O esquema é bastante conhecido, mas nunca é demais lembrá-lo. “Somos um bando de caçadores”, se autodenominam os grandes acionistas, em Miami, capitaneados pelo acionista mor do banco Fênix (outro excelente ator, Gabriel Byrne). Dizem os banqueiros franceses: ”Eles (referindo-se aos investidores dos fundos especulativos americanos) querem ganhos do capitalismo de caubói. Porque lá eles não têm empecilhos; não têm leis sociais como as nossas. Esses americanos adoram Paris, mas detestam a França”.

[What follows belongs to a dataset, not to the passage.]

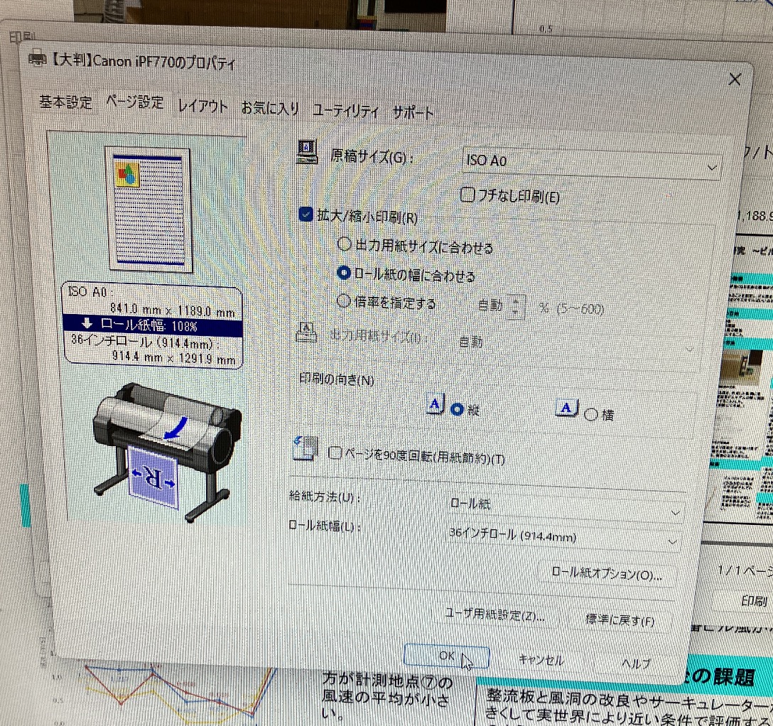 Canvaで作成したデータは、必ずしも最初からA0サイズで作成されているとは限りません。そんな時に役立つのが、プリンタードライバーの拡大・縮小設定です。
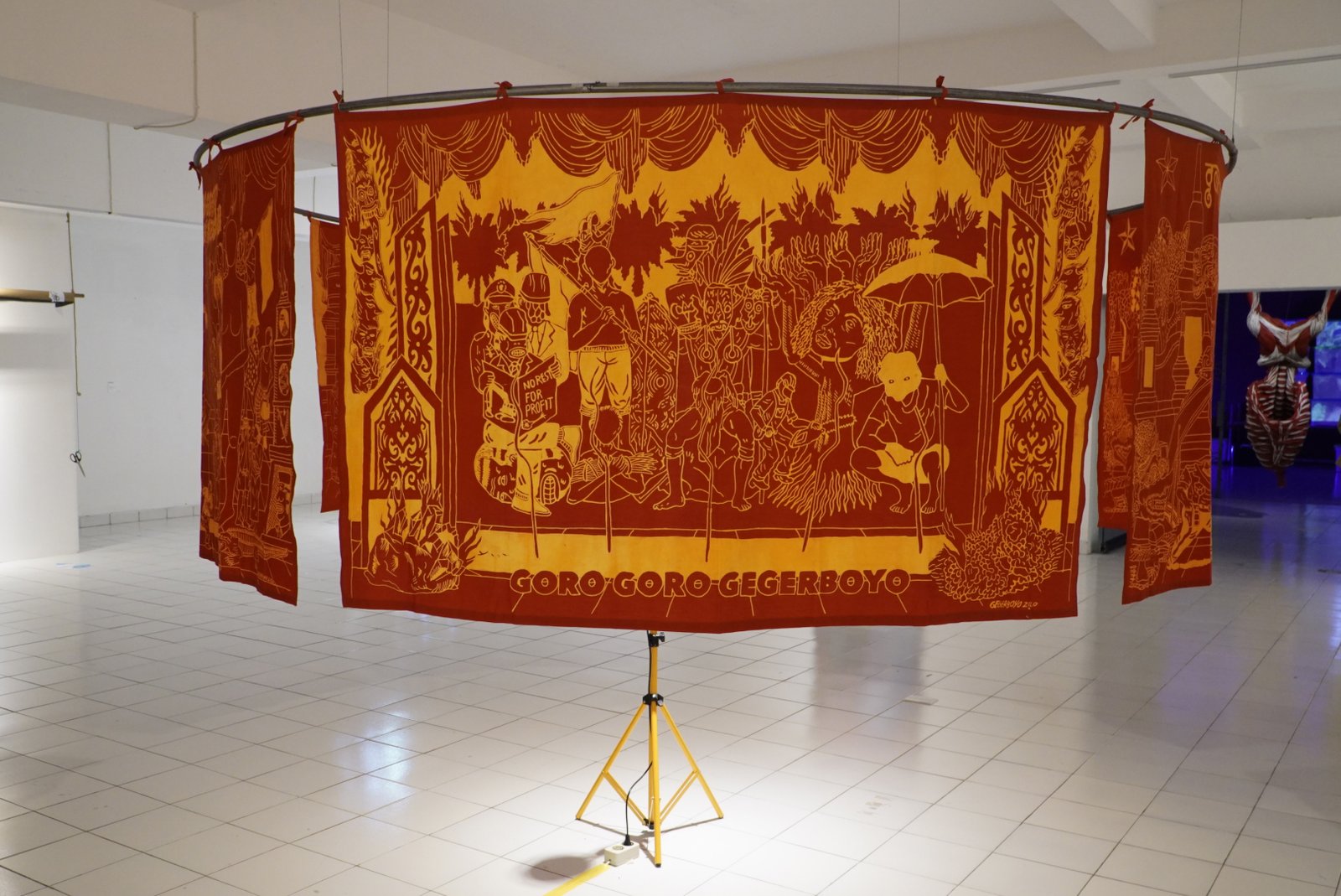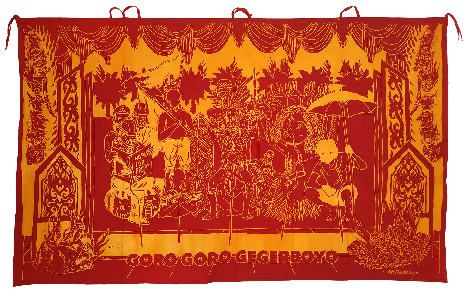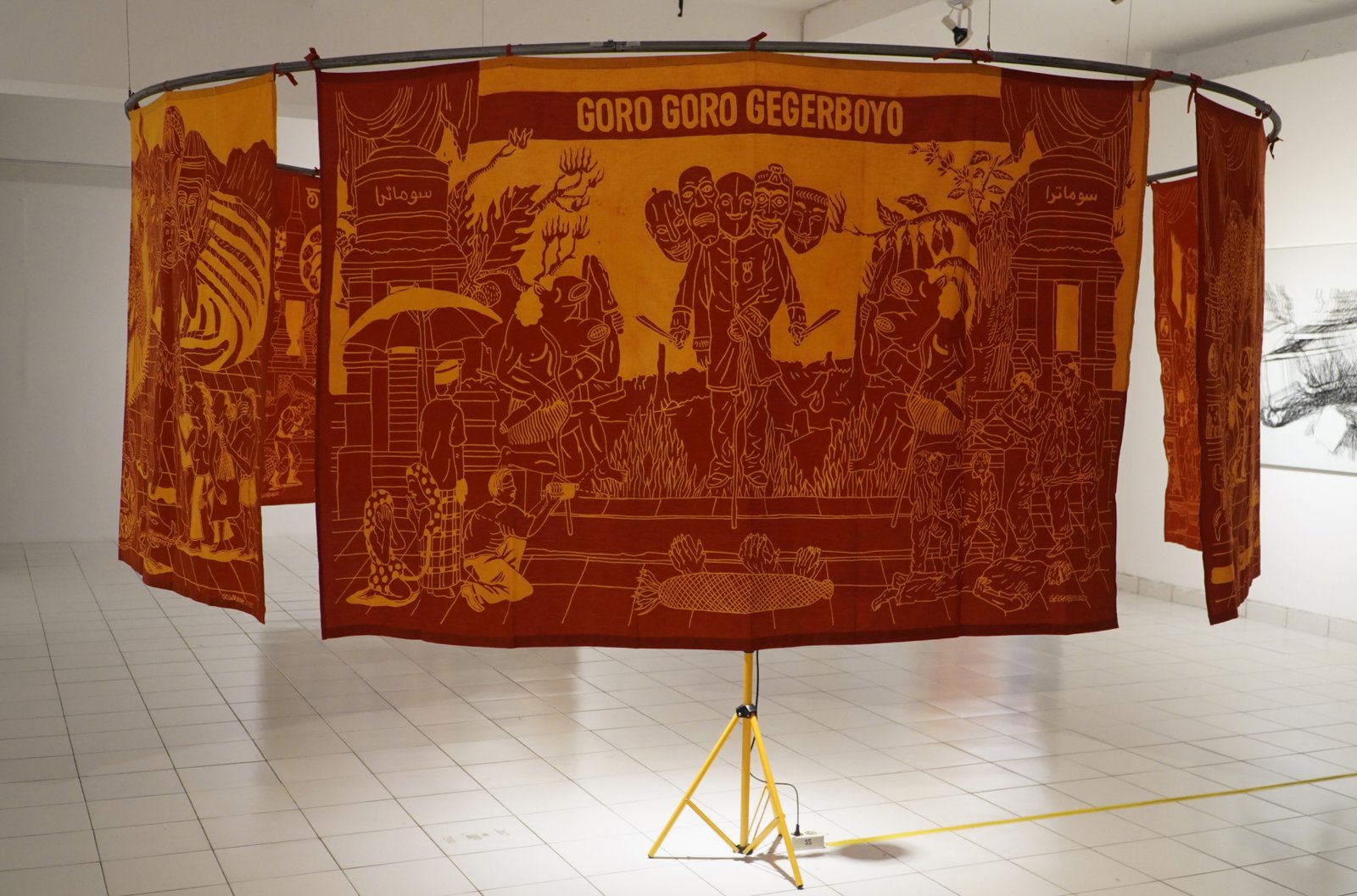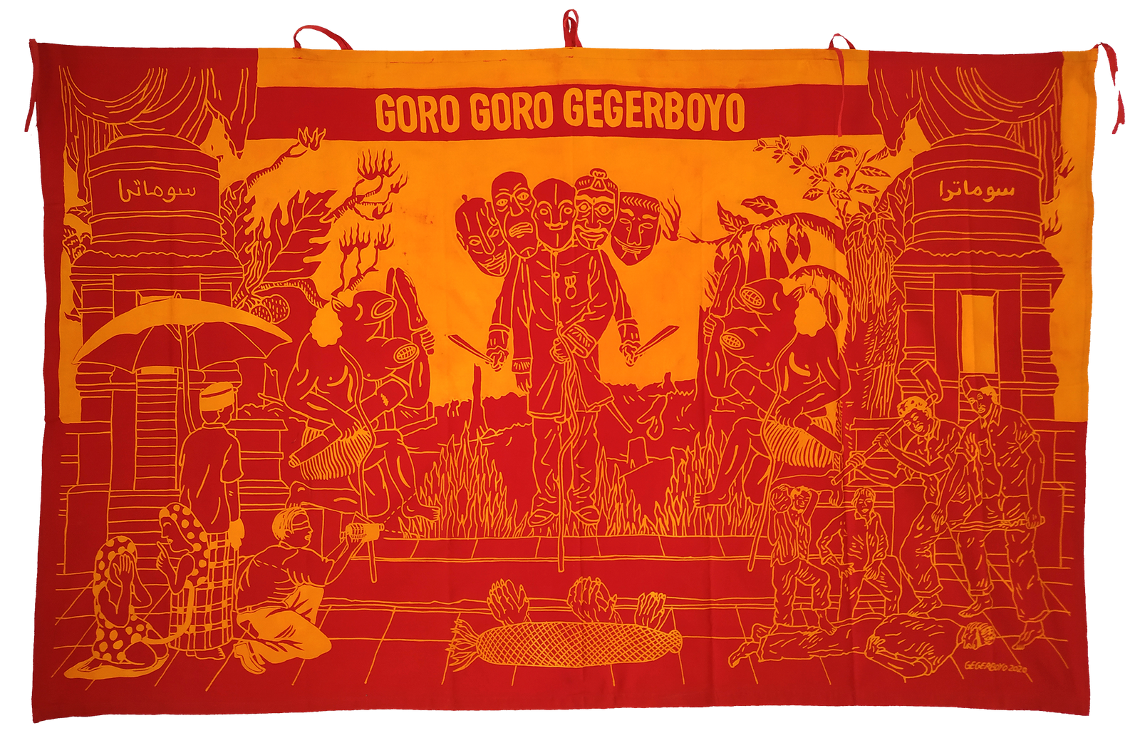It is a batik series from Gegerboyo called “Tonil Goro Goro” that tells about environmental destruction on several islands in Indonesia. In traditional shadow puppetry (wayang kulit, purwa), the scene of “goro goro” is always included as part of the storyline. It begins with the manifestation of human vices leading to chaos everywhere. The “Tonil Batik Goro Goro Gegerboyo” is a record of the chaos that has occurred and is ongoing in Indonesia. Stories about corrupt government officials, deforestation, environmental destruction, unfair preferences, social inequalities, and human vices are vividly depicted in the “Tonil Batik Goro Goro Gegerboyo”.

Depois de filmar a ditadura grega dos anos 60; o estalinismo na Europa Central; a tortura na aliança militar do Cone Sul (seu filme Estado de sítio não chegou a estrear em Washington e foi banido do Centro Kennedy porque seria “inapropriado”); os primeiros trágicos meses da ditadura chilena e os crimes de guerra do nazismo, agora, aos 80 anos Costa-Gavras mostra que está novo em folha, mordaz como de hábito - “A Europa se transformou em um grande supermercado”, observou recentemente – sempre ocupado em denunciar.
Esquemático? Ou ativista?
Certo é que a aliança com Osmont, de 55 anos, uma geração depois da sua, deu certo. Os dois trabalham juntos nos grandes assuntos do nosso tempo: as conseqüências nefastas da globalização, o massacre das demissões em massa, o desemprego; os mercados desregulados, os abismos entre ricos e pobres; os produtos tóxicos oferecidos pelos bancos.
Em mais um dos diálogos que mantém com a mulher (ela é um dos lados da sua consciência que o aguilhoa) Tourneil lembra duas coisas fundamentais. Primeiro: ”Neste mundo das finanças ninguém denuncia ninguém; é como na máfia”. Segundo: “Para que eu quero mais dinheiro? O que mais há além dele?”